On 17 August 1944, during World War II, Ottolenghi was arrested by the Nazis with a group of 20 fellow elderly Jews in the Jewish nursing home. All were over 70 years of age. After being sent to Risiera di San Sabba in Trieste, he was deported to Germany. He died in Auschwitz on 2 September 1944.

=== Memorials ===
Today, there is a memorial plaque in Ottolenghi's honor in Ghetto Vecchio, Venice's Jewish neighborhood.

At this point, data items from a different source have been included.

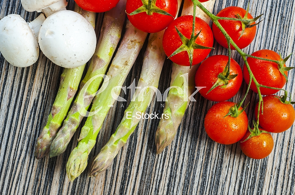 - Description: cherry tomatoes, asparagus and mushrooms on a wooden background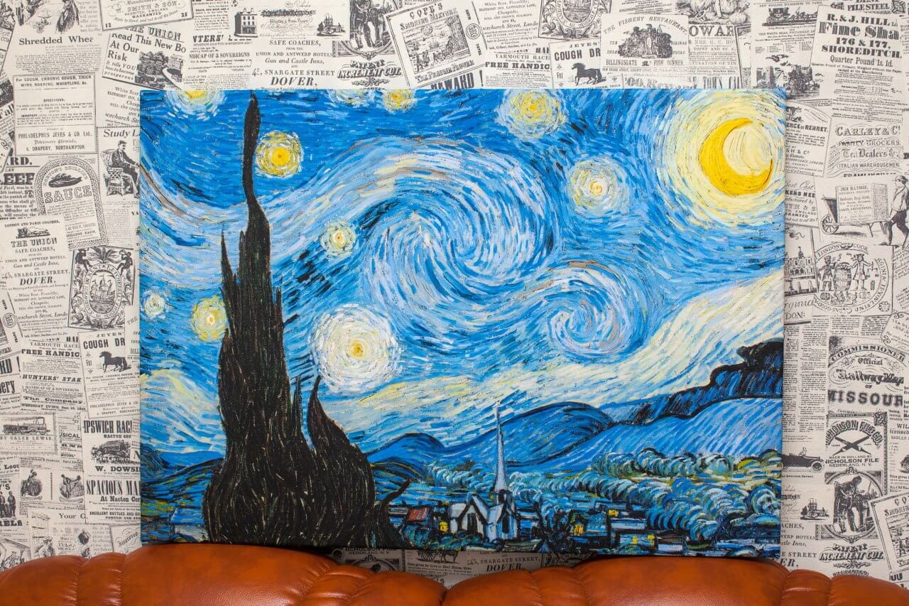 Высококачественная репродукция знаменитой картины Винсента Ван Гога «Звёздная ночь», выполненная методом профессиональной печати на натуральном холсте. Изображение отличается высокой детализацией, глубиной цвета и выразительной фактурой, передающей характер живописного оригинала.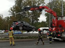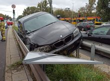 Samochód marki BMW jadący Marymoncką z niewiadomych przyczyn wjechał w barierki. Właśnie przyjechała specjalna grupa ratownictwa technicznego JRG 10, która pomaga w wydostaniu się pojazdu. Katarzyna Bąk
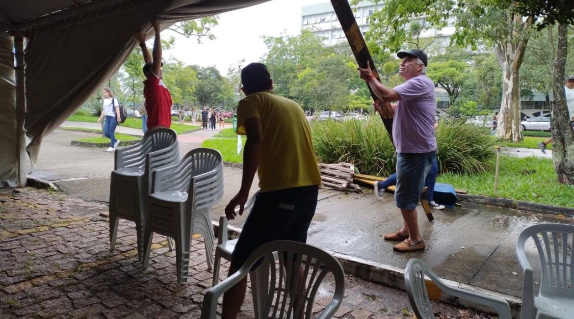 Na manhã desta sexta-feira(15), TAEs se reuniram no lonão instalado em frente ao Centro de Ciências Naturais e Exatas no campus sede de Santa Maria, para definir representantes do Comando Local e Nacional do movimento grevista. Ao longo de toda a greve, o lonão servirá de ponto de encontro e...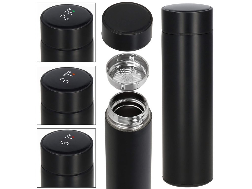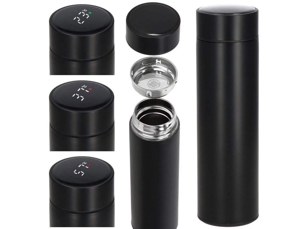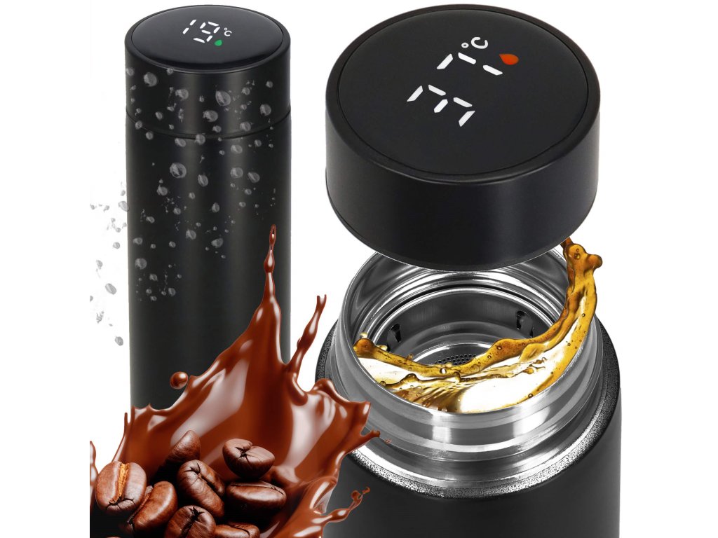 - A kupak tetején található elektronikus hőmérséklet-kijelző Celsius fokban, a kijelzőn a csepp színe jelzi az ital hőfokát: zöld, narancssárga, piros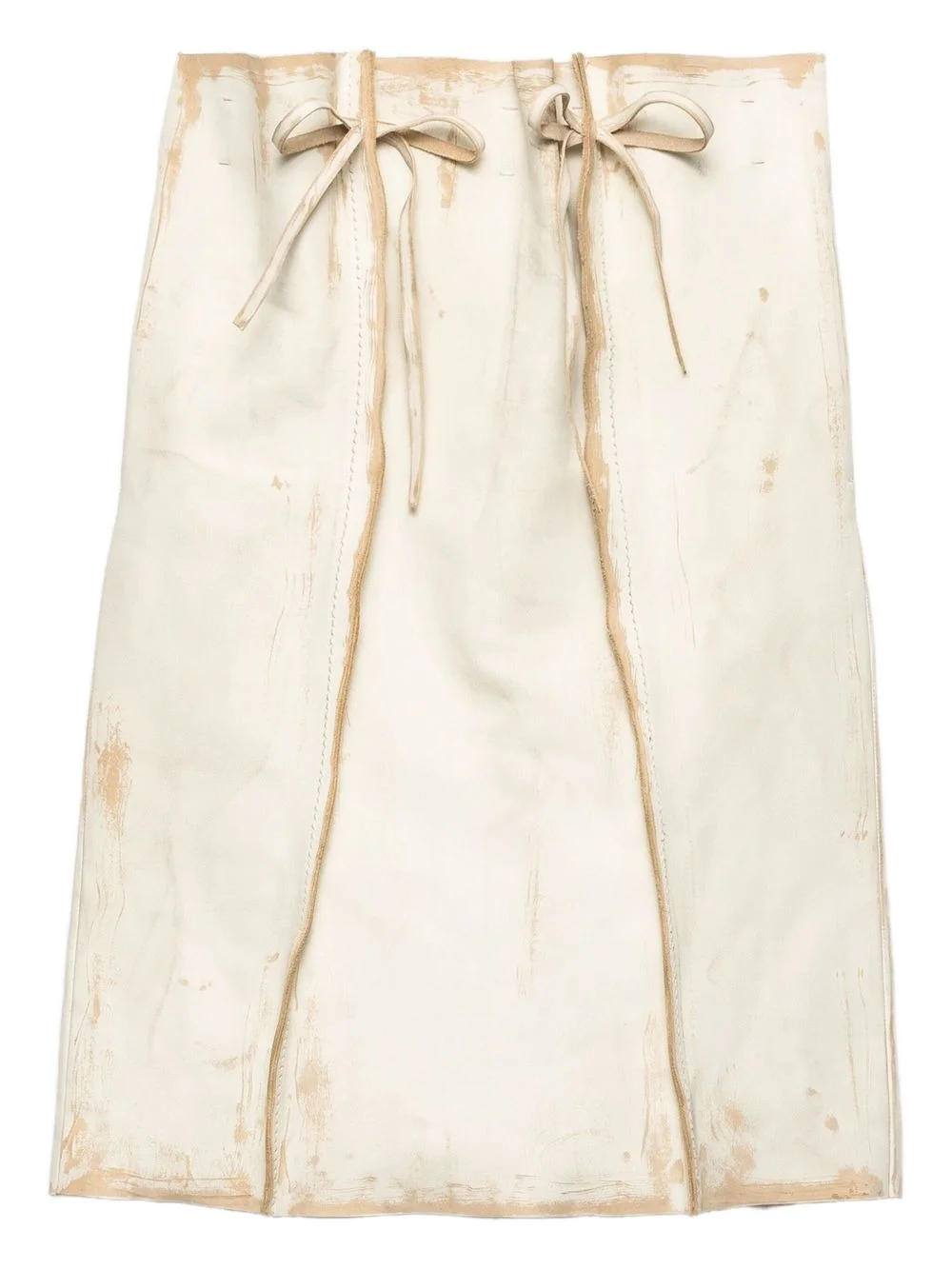 leather skirt Highlights - Lightweight texture - Worn finish - Raw-cut edges - Unlined garment - Regular fit - Closure with internal elastic - The model is 178 cm tall and wears a size 38 Composition Calf Leather 100% SIZE & FIT Measurement HIPS 33.85 in(86 cm) WAIST 23.22 in(59 cm) Washing instructions Read Manufacturer Guidelines

The plaque was erected December 7, 1947.

Venice's 30-acre Ottolenghi Forest is named after him and features a memorial on Adolfo.

Ottolenghi has a stolperstein in Venice.

== Selected works ==
Ottolenghi wrote extensively on the history of the Jews of Venice, as well as Venetian Jews' participation in the Risorgimento. Elisabetta Ottolenghi, his granddaughter, said she became more observant in her Jewish faith after discovering works by her grandfather Adolfo.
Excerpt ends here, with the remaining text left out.